– Потому что на самом деле вы все-таки болен?
– Потому что они недостаточно больны.
– И в этот раз вы сами выбрали меня. Получается, вы считаете, что я достаточно болен для вас? Я правильно понял?
– Совершенно верно.
Я не знал что сказать. Открывая и закрывая рот, все это время я не издал ни звука.

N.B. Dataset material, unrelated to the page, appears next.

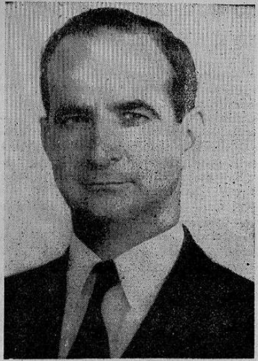
Don Pepe Figueres

El país entero ha elogiado la democrática actitud del Sr. Presidente Figueres en las pasadas elecciones, demostrando, no sólo al país sino el mundo entero que Costa Rica continúa a la vanguardia de los países en donde el derecho al libre sufragio se respeta tanto o más que la vida de sus ciudadanos.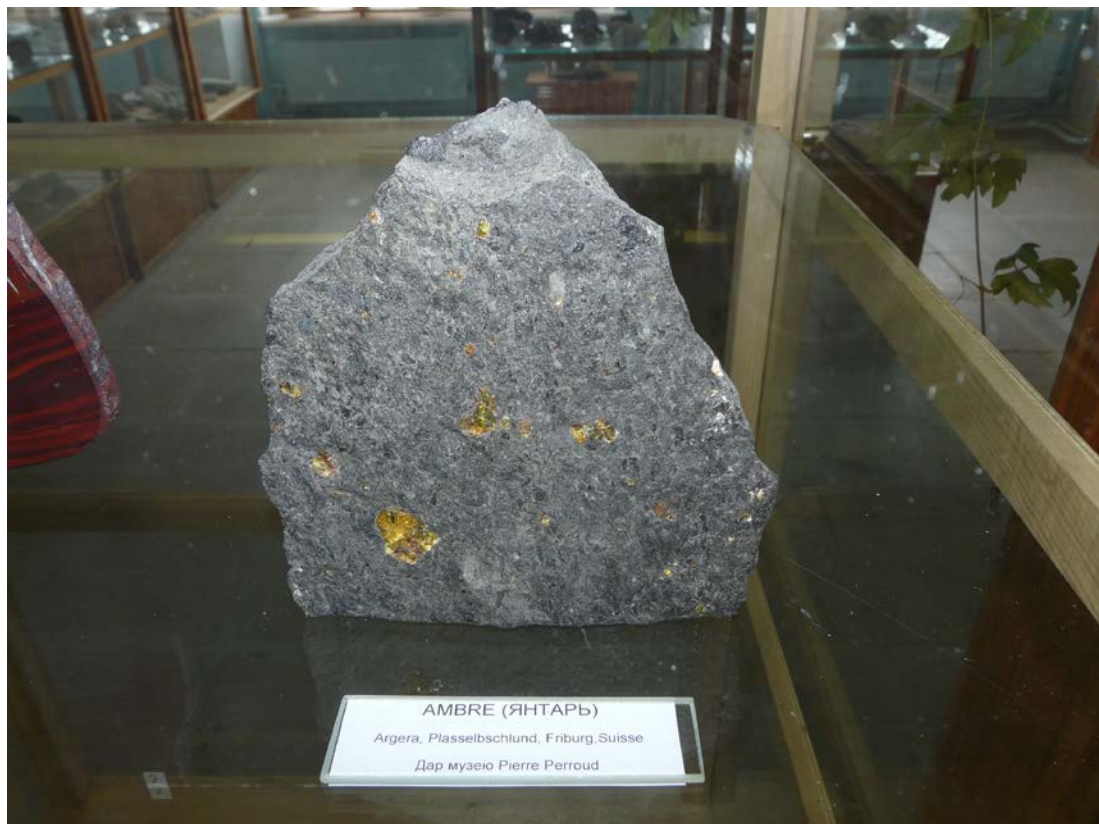
Янтарь. Ärgera, Plasselschlund, Fribourg, Suisse. Дар Pierre Perroud.

– Я думаю, вам все это нужно переварить. Вы так не считаете? Сегодня на вас уже очень много всего свалилось.
– Полагаю.
– Можете не давать мне конкретного ответа прямо сейчас. Я знаю, что внутри вас он еще не готов. Поступим следующим образом. Если надумаете согласиться, то я буду ждать вас здесь у себя весь завтрашний день. Но если примите решение в пользу «против», просто не приходите. И сообщать об этом мне или моему сыну не нужно. Можете забыть обо всем, что вы здесь увидели или услышали. Я даже сказал бы, что настоятельно рекомендую это сделать. Договорились?

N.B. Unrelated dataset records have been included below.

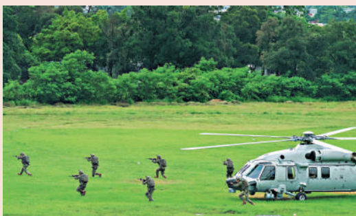
▲駐港部隊官兵乘坐直升機表演空降搶攻技巧。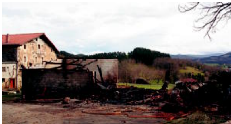
Asteasuko Gorua baserriaren ondoko biltegia guztiz erreta. E. MAIZ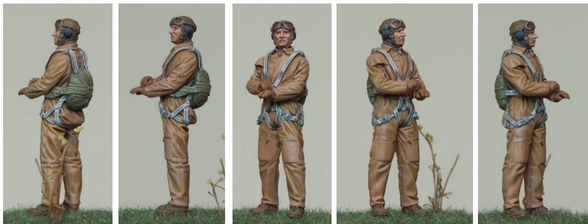
Resin figurine at the 1/48 scale coming from a set Jaguar. Painted with oils by using the technique described in this article. Figurine en résine à l'échelle 1/48 provenant d'un set Jaguar. Peinte aux huiles en utilisant la technique décrite dans cet article.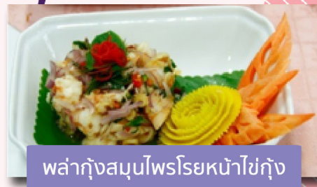
พล่ากุ้งสมุนไพรโรยหน้าไข่กุ้ง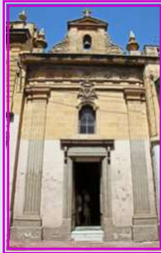
Paola - tan-Nazzarenu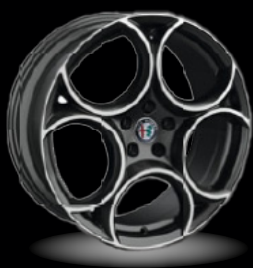
19" disky z lehkých slitin Sport (Sprint 3DY)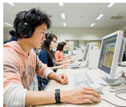
[写真] CALL 自律学習用端末の利用風景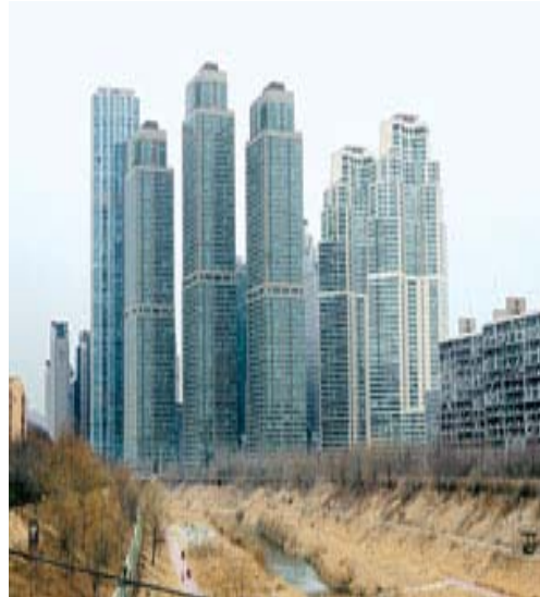
Figure 2. 서울시 초고층 빌딩군

Он медленно подошел к столу и снова накинул на себя свою куртку. По этому жесту я понял, что мой визит подходит к концу.
– Да. Пожалуй.
– Всего доброго.
– До свидания.
Теперь его лицо было прежним. Он улыбался. Я чувствовал, что между нами опять выросла стена. Путь до калитки я проделал в одиночку. Снова коридор, красный ковер, синие стены в передней. Ступеньки, которые больше не говорили. Снова перила и тот же набор – косые очки, шлепанцы и скелеты засохших насекомых. Остановившись на ковре «Welcome», я вздохнул полной грудью и поежился – после прохлады дома тело и голову обдало обжигающим солнечным теплом. Постояв так какое-то время, я собрал мысли в кучу и влез в свои шлепанцы, аккуратно приставленные к бетонному порогу.

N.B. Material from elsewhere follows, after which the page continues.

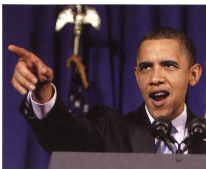
Prag, 2009: Obama fordert Abrüstung.

Demnach tragen in der Ebene von Salisbury die roten Angreifer in britischen Manövern russische Uniformen - und sie fahren auf russischen Panzern, was ungebührlich sei. Die Briten dementieren Shoigu zu 100%.

Я оглянулся на дом. Золотые просветы от теней листвы шевелились и замирали. Они были совсем как живые прикосновения чьих-то рук. Глядя на них, я еле наскреб в себе остатки сил покинуть территорию соседского дома и пойти в сторону своего. Я достал сигареты, нервно и как-то неловко прикурил одну из них, путаясь в своих же руках. Все вокруг и внутри меня, включая мысли и ощущения, запуталось между собой. И теперь мне было трудно отличить и отделить одно от другого. Сигарета дымила, попадая мне в левый глаз. Нина стояла у калитки и поливала цветы. Все было на своих местах. Мысль о том, что я вернусь и лягу на свой шезлонг, докурю, а потом, может быть, искупаюсь в вечерней реке, сопровождалась мыслью о том, что ничего из вышеперечисленного я не сделаю. «Лягу на шезлонг, докурю, искупаюсь… А что потом? Что потом, гений…?» Со мной такого еще не бывало. Я всегда знал, что без дела я не останусь. Я всегда знал чем себя занять. Но теперь я шел и думал о том, что я знал себя очень плохо.
VII Полиэтиленовая река
Николаша сидел напротив меня и смотрел куда-то в окно. В его мизерной комнатке место можно было поделить только на два с половиной человека; холст и подрамники, кучкой сваленные у матраса; тот же матрас и совершенно несуразный шкаф, в котором помещалась только пара его выходных костюмов.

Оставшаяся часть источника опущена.